This is where formal verification enters the picture. Formal methods – mathematical techniques for specifying and verifying software – have long been the domain of academic research and safety-critical systems (avionics, nuclear reactors). But in the last decade, a quiet revolution has occurred: tools like TLA+ (Temporal Logic of Actions) have made formal verification practical for distributed systems engineers. TLA+ was created by Leslie Lamport himself, and it is specifically designed for specifying and reasoning about concurrent and distributed algorithms. With TLA+, you can model a consensus algorithm like Paxos, specify its correctness properties (e.g., “only one value is ever chosen,” “if a value is chosen, every correct process eventually learns it”), and then automatically check those properties against all possible executions – including failures, message loss, and reordering.

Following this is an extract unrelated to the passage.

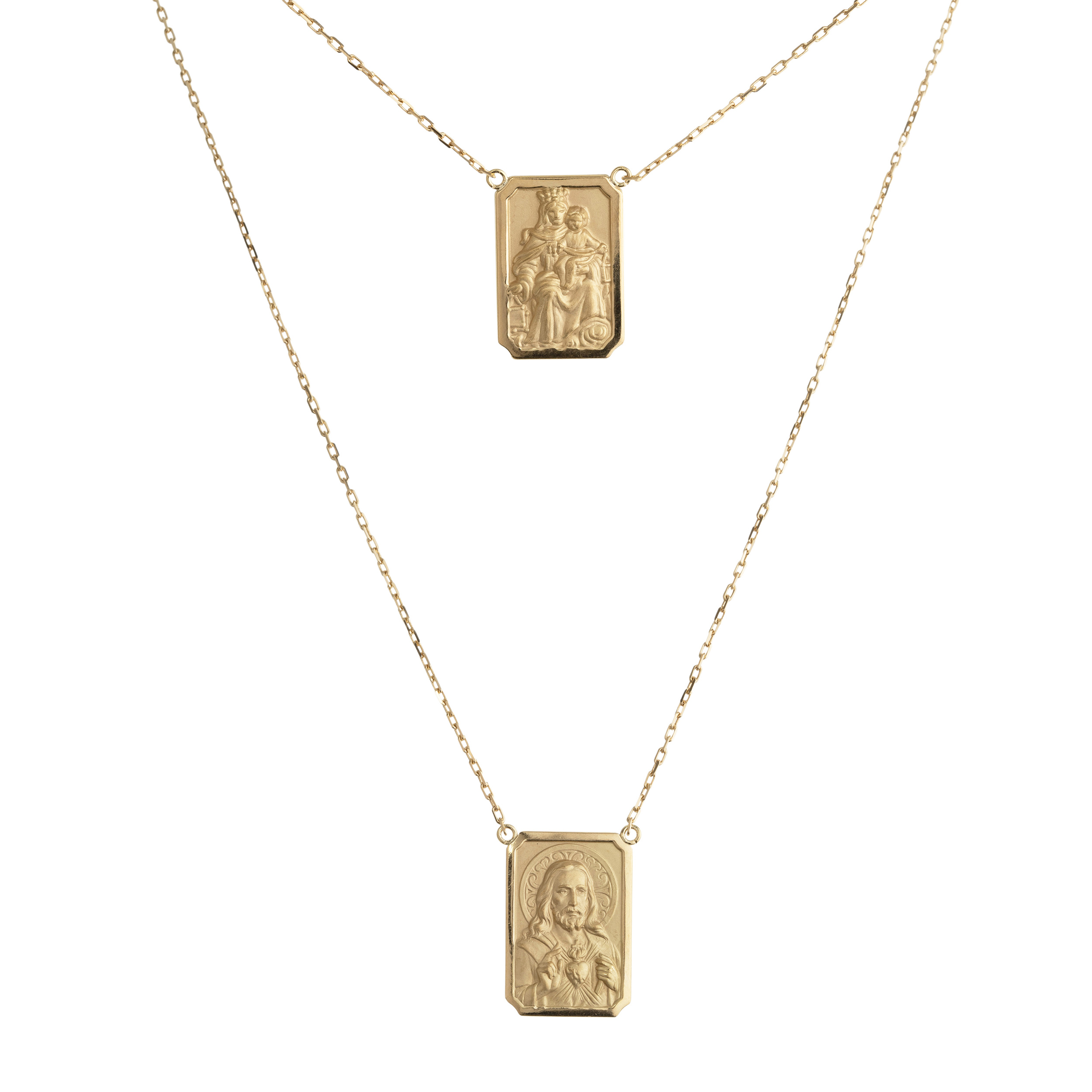 Escapulário de ouro amarelo com 11,0g. Medidas 2,5cm/72cm.

This blog post is a deep dive into how TLA+ can be used to formally verify Paxos. We will start by reviewing the consensus problem and the core of Paxos, then we will explore why the algorithm is so hard to get right. Next, we will introduce TLA+ and walk through a formal specification of Paxos, showing how to model the algorithm’s state machine, its safety and liveness properties, and how to use the TLC model checker to exhaustively test small instances. Along the way, we will encounter real-world bugs that TLA+ has uncovered, and we will discuss how you can integrate formal verification into your own distributed systems workflow.

By the end, you will understand why Lamport calls TLA+ “the best way to describe a system” – and why you should care about it even if you never write a single line of TLA+ code. Because the precision of consensus demands nothing less than rigorous proof.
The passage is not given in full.